With respect to the problem, the neural network pruning technique is acknowledged to be an effective way of obtaining good accuracy of the model and reducing computation. However, almost all traditional pruning methods rely on software level, and such pruning often comprises steps of: (1) determining the significance of neurons according to significance index; (2) deleting insignificant partial neurons according to a preset compression ratio; (3) finely tuning the network to restore accuracy, or adjusting the significance index and restarting pruning again in the case of a low accuracy.

However, due to diversity of deep learning application, it is difficult to find a general-purpose software-based pruning method. Therefore, terminal users must reconsider pruning standard for specific application according to hyper-parameters and structural parameters of the DNN, and carry out the steps again from the beginning for pruning. Such tedious, time-consuming and repeated tasks limit rapid deployment of the DNN in actual use. The problems and reasons of such pruning method are mainly in the following three aspects:

(1) As is viewed from the model, sparsity of the DNN model itself is adverse to software pruning. Specifically, pruning determines insignificant parameters using one significance index. The index measures sparsity of weights and activations from different angles, for example, a ratio of 0 in the activations, significance of the filter determined based on L1-norm, information entropy of the filter, and the like. Such index attempts to prune zero or parameters close to zero, and then retrain the model till reaching the optimum accuracy. However, one index may be suitable for some DNN models, but not applicable for other DNNs. Moreover, sparsity space of the model itself is not always enough. Therefore, some pruning methods must perform time-consuming sparse training to increase sparsity of parameters, and perform retraining or fine tuning to make up for lost accuracy after loss of accuracy.
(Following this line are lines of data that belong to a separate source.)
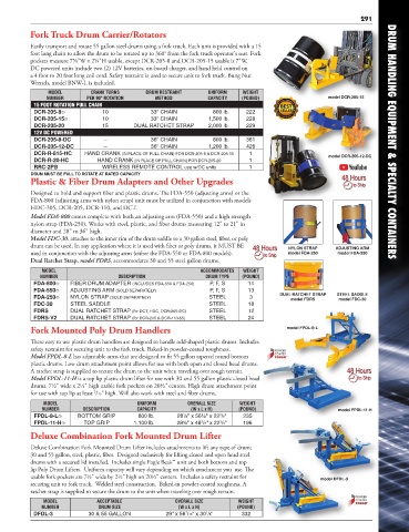 Deluxe Combination Fork Mounted Drum Lifter includes attachments to lift any type of drum;
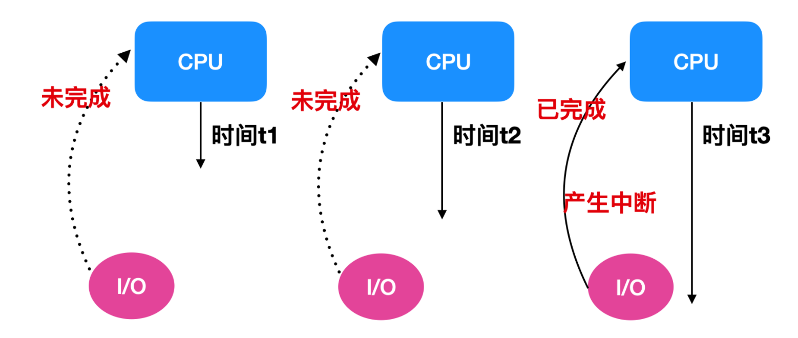 回到正题。大部分物理IO(physical I/O) 是异步的。物理 I/O 中的 CPU 是很聪明的,CPU 传输完成后会转而做其他事情,它和中断心灵相通,等到中断发生后,CPU 才会回到传输这件事情上来。
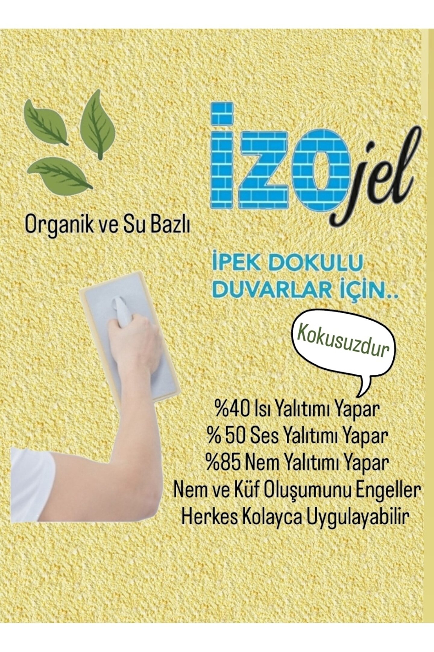 Izojel ipek sıva dekoratif duvar sıvası özellikleri ; %100 organik ve doğaldır, dekoratiftir; duvardaki kusur ve çatlakları yok eder. - %40 ısı yalıtımı - % 50 ses yalıtımı - %85 nem yalıtımı sağlar. - her türlü yüzeye uygulanabilir. - renk seçeneği çok fazladır. - uygulanması kolay ve hızlıdır. Tamir edilebilir. - kokusuzdur. Rengi zamanla değişmez. - alev almaz. Yangına karşı dayanıklıdır. - darbelere karşı dayanıklıdır. - duvarın nefes almasını engellemez. - böcek barındırmaz. - antistatiktir. Organik yapıdaki izojel dekoratif yalıtım ipek sıvası her türlü yüzeye uygulanabilir: Seramik , beton, cam, sıva, tuğla, ahşap, gaz beton, boyalı yüzeyler. Yüzeydeki boşlukları doldurur, çatlamaz. Silinebilir ve tamir edilebilir özelliktedir. Kendinden yapışkanlıdır. Örtücülüğü yüksektir. Yeni teknoloji organik dekoratif yalıtım sıvası doğa dostudur. Insan sağlığına kesinlikle zararı yoktur. Uygulanacak yüzeylere önceden herhangi bir işlem yapılması gerekmez. Eski boyaların sökülmesi, yüzeylerin kazınması, macun veya sıva çekilmesi gerekmez. Uygulanacak yüzeyin sadece kuru olması yeterlidir. Uygulama esnasında ekstra bir malzemeye gerek yoktur. Her sıcaklıkta uygulama yapılabilir. Sarfiyat: Yüzeye tek kat uygulama yapılması yeterlidir. Ürünün yüzeye uygulama kalınlığı 1,6 mm ile 2 mm arasında olmalıdır. Depolama: Oda sıcaklığı depolama için uygundur. Özel bir ortamda depolama gerektirmez. Izojel ipek sıva dekoratif duvar sıvası nasıl hazırlanır? Bir kabın içerisine 7 lt su konulur. 1 paket ürün suyun içerisine boşaltılır. Yaklaşık 10 dk karıştırılır. Daha sonra 30 dk kadar dinlendirilip duvara plastik mala ile uygulanır. Uygulama esnasında malayı 5 derece açı ile tutmanız işinizi kolaylaştıracaktır. 1 paket ipek sıva ile yaklaşık 5 m2 alan kaplanabilir. Yüzeye uygulanan ürün 12 ile 24 saat arasında kurur.
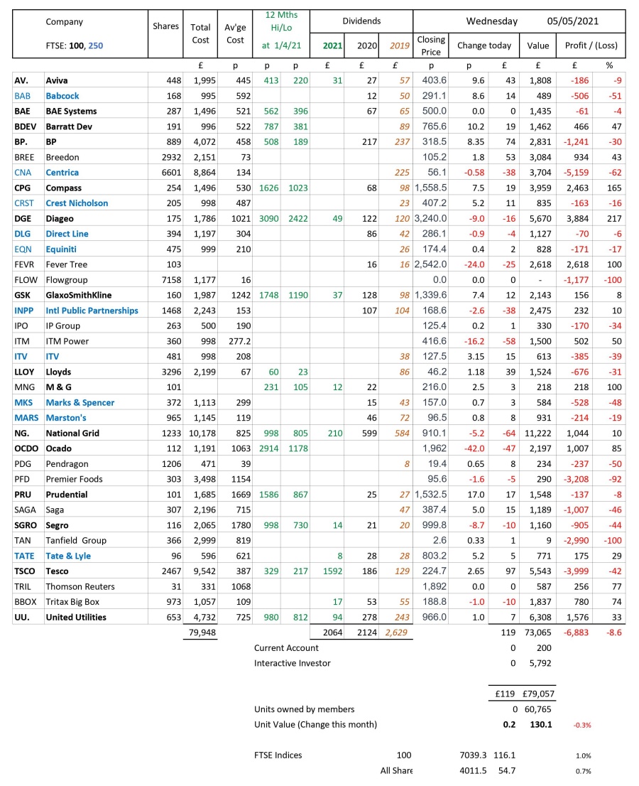 as at close of business Wednesday 5 May 2021
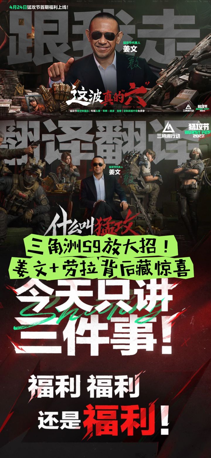 姜文上任三角洲!4月24日猛攻节首期活动开启,4月30日猛攻节活动及福利全面上线!希望所有干员都能找到属于自己的猛攻方式。 猛攻节参与活动可免费得2600 限时三角券、14 张定制装备券、猛攻节限定大红、猛攻节主题武器外观、限定成就勋章、姜文定制外观三件套等;还有全新玩法,开砖必出红、身份牌换大红!限时开放全新模式烽火挑战,无负担尽情猛攻!全面战场上线全新超载模式、4 款限定载具外观免费领取! #
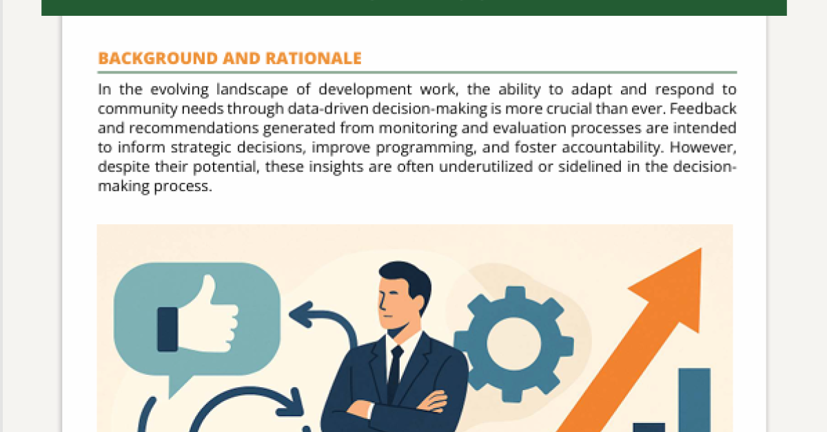Although development organizations recognize the importance of stakeholder feedback, many fail to meaningfully incorporate it into decision-making. Organizational culture, resource limitations, lack of leadership engagement, and resistance to change all contribute to this issue. Without systematic mechanisms to collect, analyze, and apply feedback, opportunities for learning and improvement are lost, which leads to reduced impact, disengaged stakeholders, and diminished accountability.
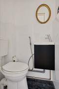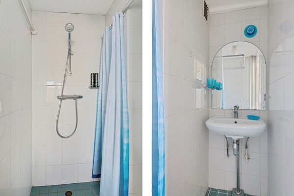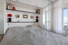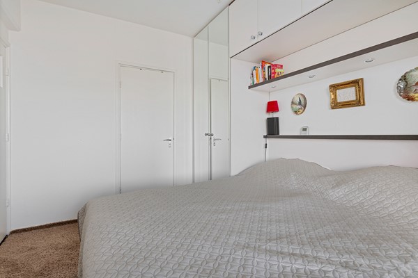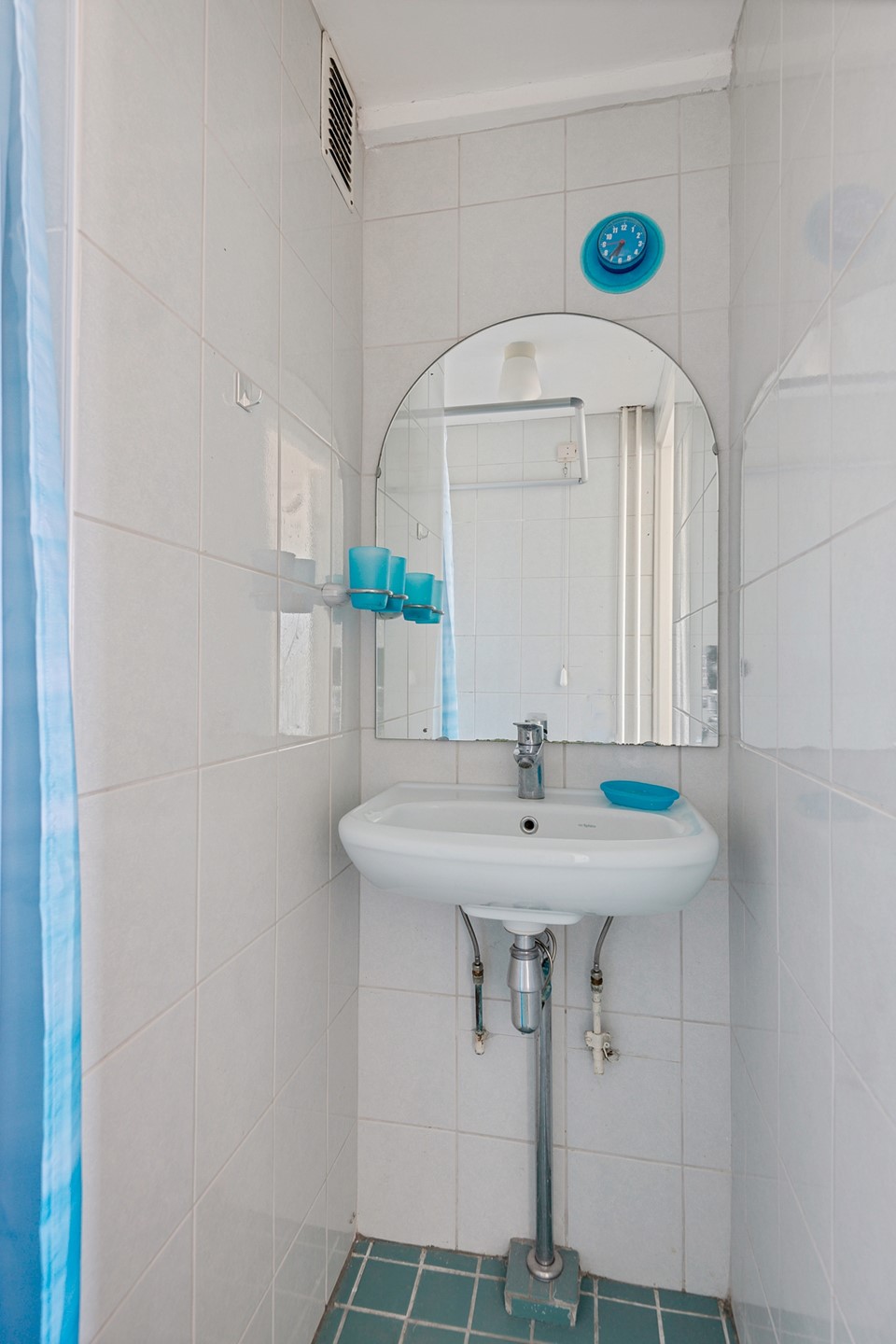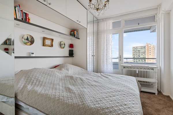 De slaapkamer is ruim en voorzien van vloerbedekking en geeft ook toegang tot het balkon en de aangrenzende badkamer. Deze is voorzien van douche en wastafel. Het toilet bevindt zich in een aparte ruimte in de hal.
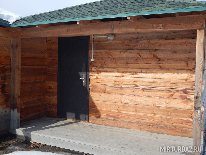 Двухэтажный бревенчатый дом, в котором может разместиться до 10 человек. Дом обустроен всем необходимым для комфортного проживания: кухня и душевая, совмещённая с санузлом. В домике предусмотрено наличие необходимой бытовой техники, телевизора, аудиосистемы, посуды.
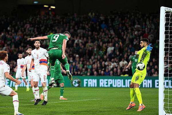Avagyan managed to claw away Nathan Collins’ header from a Manning cross seconds later and then made a stunning save from O’Shea’s deflected header as Ireland sensed their opportunity, but a lack of precision continued to let them down.
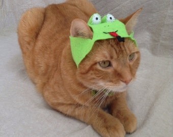 A ginger cat with a green frog hat is lying down on a white surface. | Frog Hats for Cats | 28dee4bdbdf3019931115f282909fa4bed06a3be33d11399f5e9e13aa790f1ec | 001065755799 | 0 | 0 | 15 | 4 | 0 | 0 | |
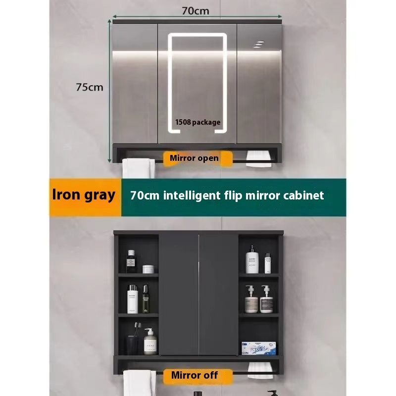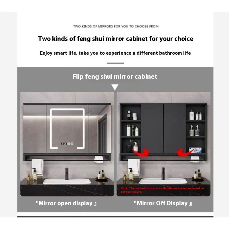 Solid Wood Smart Bathroom Mirror Hidden Folding Mirror Cabinet Wall-mounted Bathroom Mirror Storage Cabinet
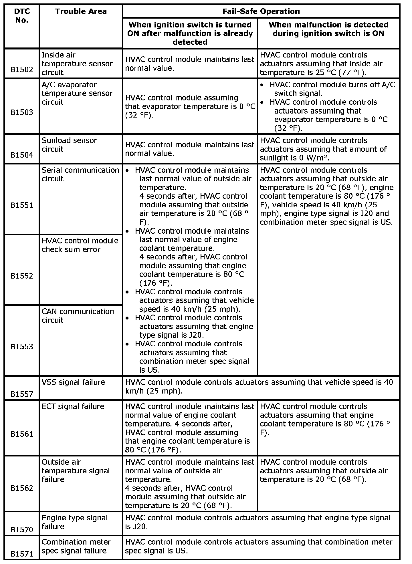 When any of the following malfunctions (DTCs) is detected, fail-safe mode is activated. However, when HVAC control module judges A/C system recovered, fail-safe mode is canceled.
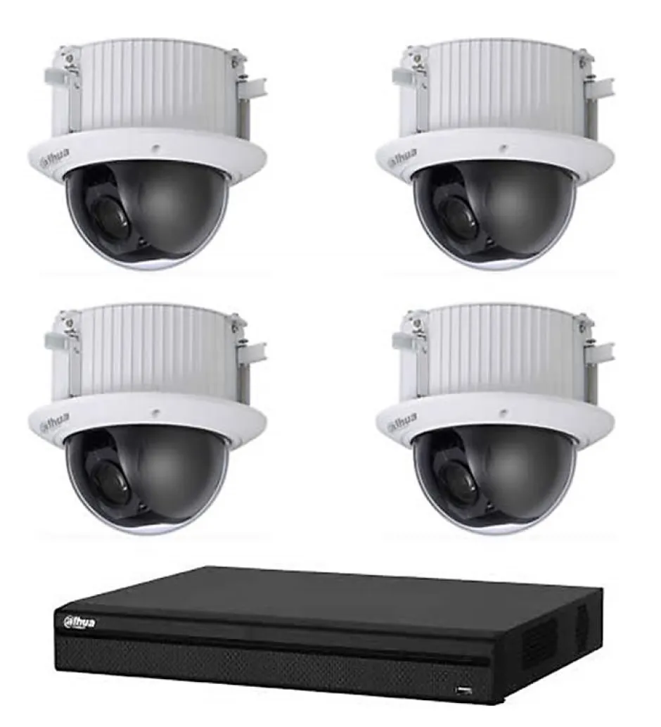 Découvrez le kit complet de vidéosurveillance Dahua et sa qualité professionnelle.Ce kit est composé d?un enregistreur DVR 16 chaînes et 4 caméras dôme analogiques anti vandalisme pour la surveillance de vos locaux.Le kit se compose de :- 1 enregistreur DVR HCVR8216. A-S3 et ses accessoires : souris, câble d?alimentation et Ethernet, borniers de connexion.- 4 caméras dôme analogiques HDCVI PTZ SD52. C225. I-HC-S2 livrées avec un guide d?installation et un CD compact d’installation.Caractéristiques de l?enregistreur DVR HCVR8216. A-S3 Dahua :- Application Windows / MAC et Mobile (i. OS / Android) permettant : configuration, accès à distances, fonctionnalités, ?- Dimensions : 375 x 310 x 55 mm- Ports : 3 ports USB, 16. CH, 2 ports RJ45- Résolution : jusqu?à 1080p en temps réel- Disque dur : jusqu’à 2 disques durs SATA (non fournis) – Branchements : 2 HDMI / 1 VGA- Entrées et sorties audio (nombre de canaux) : 4 entrées / 1 sortie- Alimentation : 12 V CC/5 A- Consommation électrique maximum : moins de 40 W (sans disque dur)Caractéristiques des 4 caméras dôme analogiques HDCVI PTZ SD52. C225. I-HC-S2 de Dahua : – Installation : intérieure, fixation au plafondd, à encastrer- Images par seconde : 30 ips à 1080p et 30 / 60ips à 720pSa résolution professionnelle HDCVI vous permet d’obtenir des images d’une grande clarté.- Capteur : CMOS 1/2,8 » Sony Exmor R de 2 mégapixels- Longueur de la focale : de 4,8 à 120 mm- Dimensions : diamètre 178,0 x 118,5 mm- Alimentation : 24. V CA- Consommation : 13 W- Certification IK10 : anti vandalisme- Températures d?utilisation entre -40 degrés et 60 degrés Ce qu?on aime : – Les produits Dahua permettent une configuration, et un accès aux fonctionnalités via logiciel ordinateur et application mobile (Android et i. OS).- L?enregistreur HCVR8216. A-S3 et les caméras SD52. C225. I-HC-S2 vous garantissent une qualité professionnelle pour une durée de vie optimale.- Simple de navigation et de programmation, l?enregistreur DVR Dahua vous permett

(2) As is viewed from efficiency, the software pruning method consumes time and labor at fine tuning/retraining phase, because the parameters left after pruning cannot ensure that the model can reach the original accuracy before pruning. Therefore, the traditional method must rely on retraining/fine tuning performed on the same data set to make up for loss of accuracy. However, retraining/fine tuning often shall experience iteration of several days or weeks, and the program is often implemented layer by layer. If we apply pruning to VGG-19, the model shall be retrained 19 times, and iterated dozens of epochs each time to restore the lost accuracy. Time-consuming iteration hinders deployment of the pruned model to devices. Moreover, if accuracy is poor after pruning, the above steps shall be repeated. Considering of other universal networks having hundreds of layers (ResNet, DenseNet), or 3D convolution, non-local convolution and deformable convolution having more and complex connections, developers often face the inevitable challenge of obtaining good accuracy and taking less time simultaneously.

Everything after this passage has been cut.